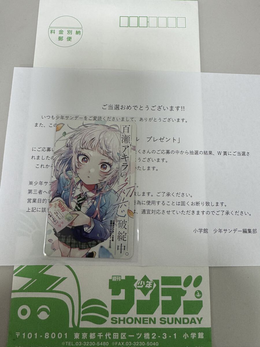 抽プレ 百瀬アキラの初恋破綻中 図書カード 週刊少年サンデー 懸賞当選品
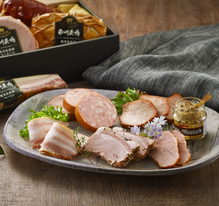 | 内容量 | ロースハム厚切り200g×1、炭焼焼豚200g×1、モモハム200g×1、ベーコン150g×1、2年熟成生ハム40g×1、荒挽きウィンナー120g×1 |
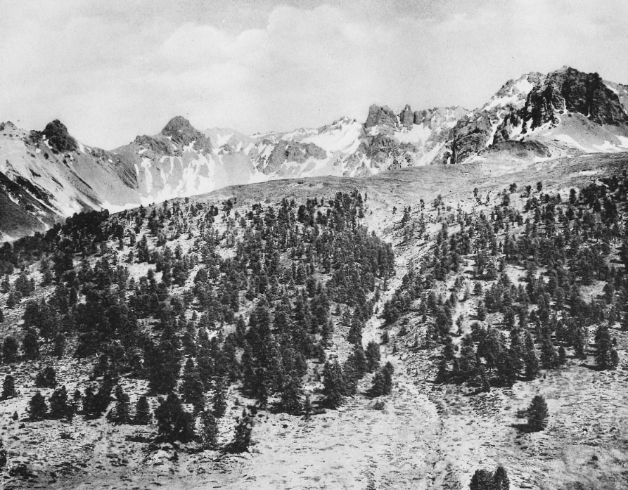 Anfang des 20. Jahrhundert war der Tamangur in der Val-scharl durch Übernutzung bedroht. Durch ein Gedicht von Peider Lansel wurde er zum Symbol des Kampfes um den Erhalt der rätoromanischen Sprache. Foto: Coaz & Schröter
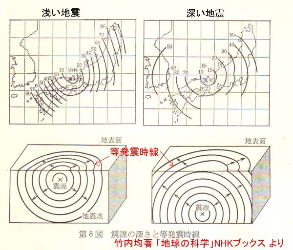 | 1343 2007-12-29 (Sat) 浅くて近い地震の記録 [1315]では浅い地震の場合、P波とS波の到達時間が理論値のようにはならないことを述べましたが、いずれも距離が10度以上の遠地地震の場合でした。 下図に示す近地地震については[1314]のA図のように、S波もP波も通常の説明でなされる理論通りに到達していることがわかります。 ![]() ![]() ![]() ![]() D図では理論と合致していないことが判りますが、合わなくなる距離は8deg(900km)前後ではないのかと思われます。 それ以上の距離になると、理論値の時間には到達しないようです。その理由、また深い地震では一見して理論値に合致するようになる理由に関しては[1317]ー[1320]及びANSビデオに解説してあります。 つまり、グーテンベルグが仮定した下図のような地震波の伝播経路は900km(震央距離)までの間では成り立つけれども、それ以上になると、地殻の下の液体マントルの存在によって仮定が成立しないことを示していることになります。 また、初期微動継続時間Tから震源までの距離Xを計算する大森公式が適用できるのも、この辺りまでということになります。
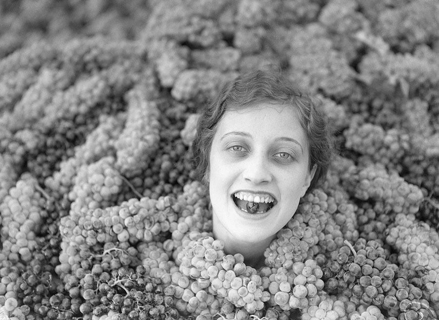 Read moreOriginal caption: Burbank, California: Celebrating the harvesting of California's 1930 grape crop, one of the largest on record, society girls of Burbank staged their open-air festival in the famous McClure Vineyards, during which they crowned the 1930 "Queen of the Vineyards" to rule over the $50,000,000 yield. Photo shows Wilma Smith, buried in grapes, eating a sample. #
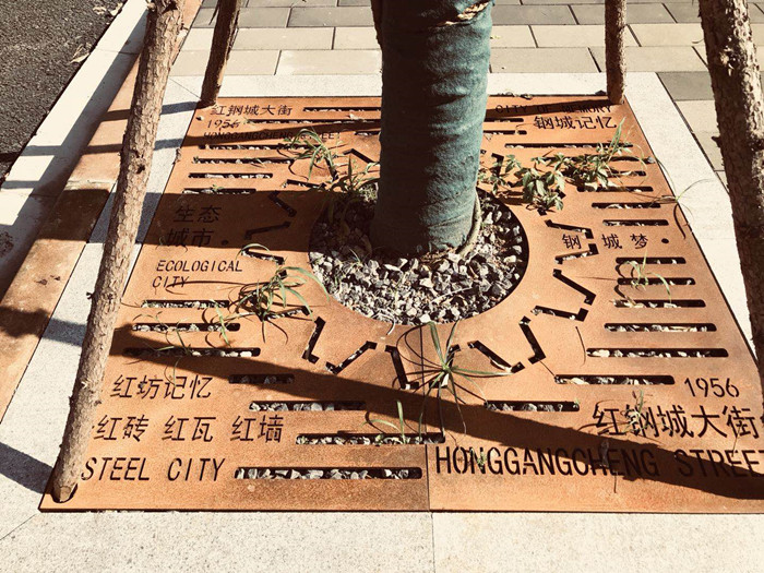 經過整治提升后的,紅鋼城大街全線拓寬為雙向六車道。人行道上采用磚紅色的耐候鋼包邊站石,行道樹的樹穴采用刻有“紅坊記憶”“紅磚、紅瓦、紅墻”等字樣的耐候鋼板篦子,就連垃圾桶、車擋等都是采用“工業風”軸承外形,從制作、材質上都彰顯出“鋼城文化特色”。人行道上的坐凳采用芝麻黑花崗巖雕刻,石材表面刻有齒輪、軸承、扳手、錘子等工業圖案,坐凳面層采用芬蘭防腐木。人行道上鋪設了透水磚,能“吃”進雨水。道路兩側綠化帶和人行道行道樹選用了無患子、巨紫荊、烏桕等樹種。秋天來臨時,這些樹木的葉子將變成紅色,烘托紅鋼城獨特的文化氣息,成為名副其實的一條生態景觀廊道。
══════
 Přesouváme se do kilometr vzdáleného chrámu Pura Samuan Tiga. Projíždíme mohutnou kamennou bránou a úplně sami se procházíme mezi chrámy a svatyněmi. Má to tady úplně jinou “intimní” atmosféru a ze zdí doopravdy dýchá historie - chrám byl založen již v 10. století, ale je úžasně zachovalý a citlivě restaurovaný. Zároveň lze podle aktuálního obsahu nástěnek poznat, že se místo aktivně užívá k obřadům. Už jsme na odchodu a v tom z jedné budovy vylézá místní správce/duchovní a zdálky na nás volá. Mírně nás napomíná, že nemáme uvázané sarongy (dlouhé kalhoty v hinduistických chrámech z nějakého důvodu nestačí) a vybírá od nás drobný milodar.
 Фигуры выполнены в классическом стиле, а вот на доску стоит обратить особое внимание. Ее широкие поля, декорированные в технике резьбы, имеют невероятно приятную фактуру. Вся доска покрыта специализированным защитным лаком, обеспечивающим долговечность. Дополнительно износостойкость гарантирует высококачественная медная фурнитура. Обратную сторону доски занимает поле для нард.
══════
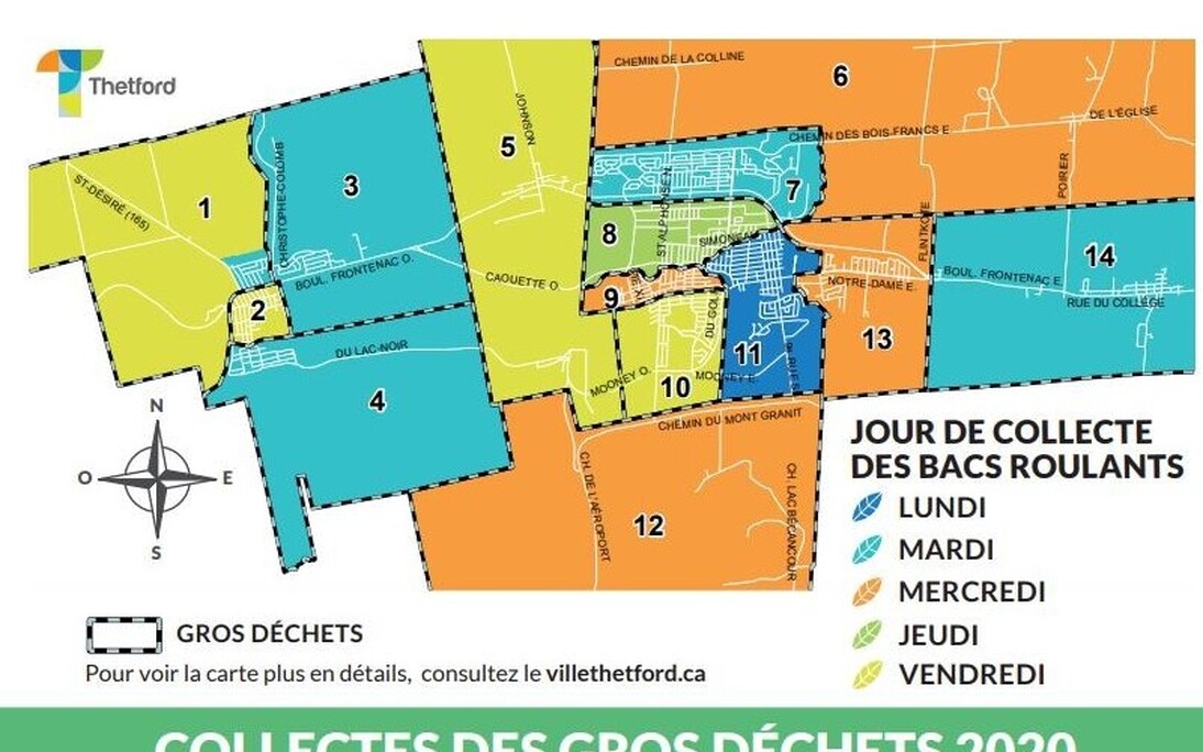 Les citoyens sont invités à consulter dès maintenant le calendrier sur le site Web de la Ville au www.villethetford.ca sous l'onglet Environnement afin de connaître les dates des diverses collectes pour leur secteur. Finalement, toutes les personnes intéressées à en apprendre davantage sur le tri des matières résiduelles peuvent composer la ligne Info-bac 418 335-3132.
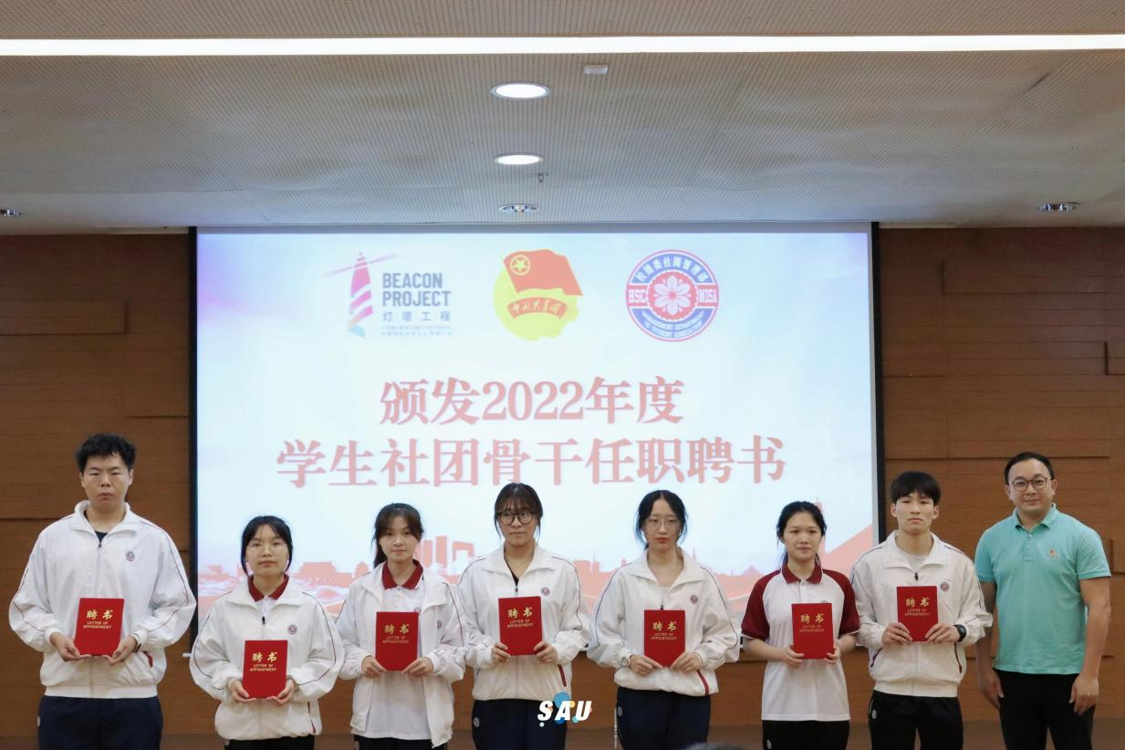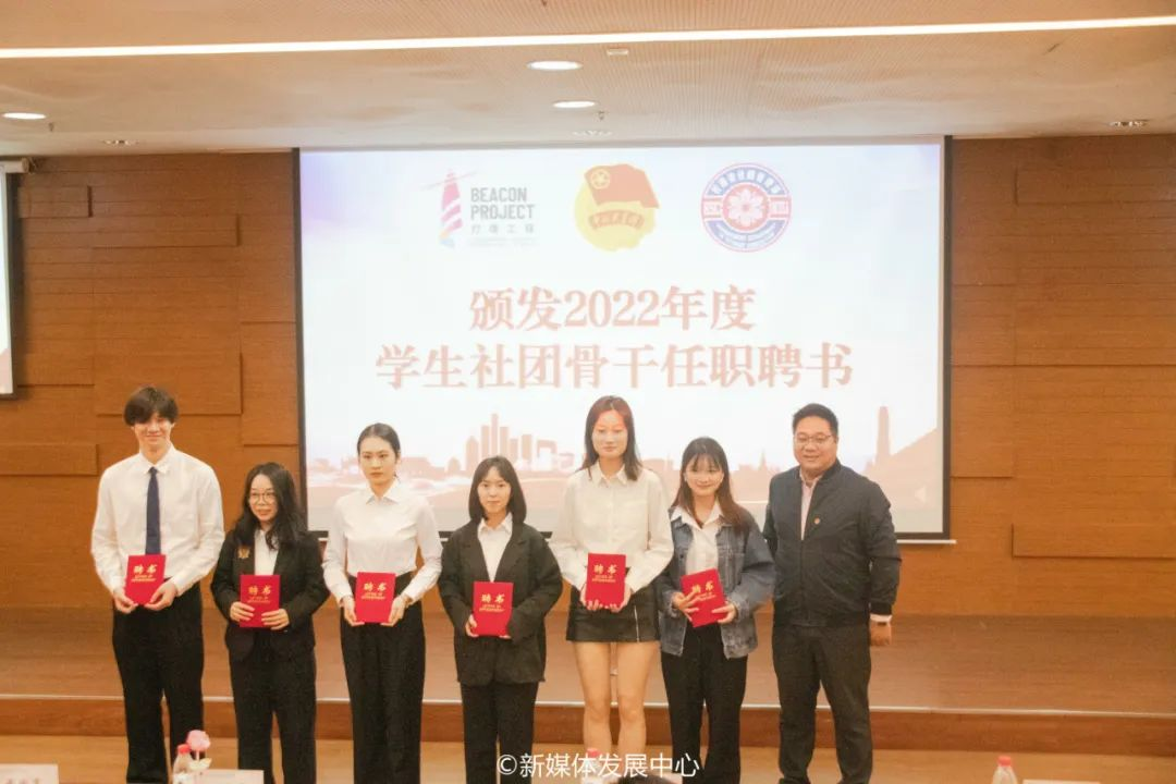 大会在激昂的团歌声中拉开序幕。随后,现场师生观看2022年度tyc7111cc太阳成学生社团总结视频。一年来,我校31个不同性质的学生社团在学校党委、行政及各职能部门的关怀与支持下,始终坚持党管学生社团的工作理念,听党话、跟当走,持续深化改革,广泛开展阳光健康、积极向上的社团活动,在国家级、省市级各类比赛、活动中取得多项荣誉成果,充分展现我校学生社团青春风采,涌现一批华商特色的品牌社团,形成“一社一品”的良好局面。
══════
What is being asked:
Only the lines of the listing above from the one with "抽プレ 百瀬アキラの初恋破綻中 図書カード 週刊少年サンデー 懸賞当選品" through the one with "Anfang des 20." should be output, exactly, with both ends kept and pictures left out.

Answer space:
 抽プレ 百瀬アキラの初恋破綻中 図書カード 週刊少年サンデー 懸賞当選品
 | 内容量 | ロースハム厚切り200g×1、炭焼焼豚200g×1、モモハム200g×1、ベーコン150g×1、2年熟成生ハム40g×1、荒挽きウィンナー120g×1 |
 Anfang des 20. Jahrhundert war der Tamangur in der Val-scharl durch Übernutzung bedroht. Durch ein Gedicht von Peider Lansel wurde er zum Symbol des Kampfes um den Erhalt der rätoromanischen Sprache. Foto: Coaz & Schröter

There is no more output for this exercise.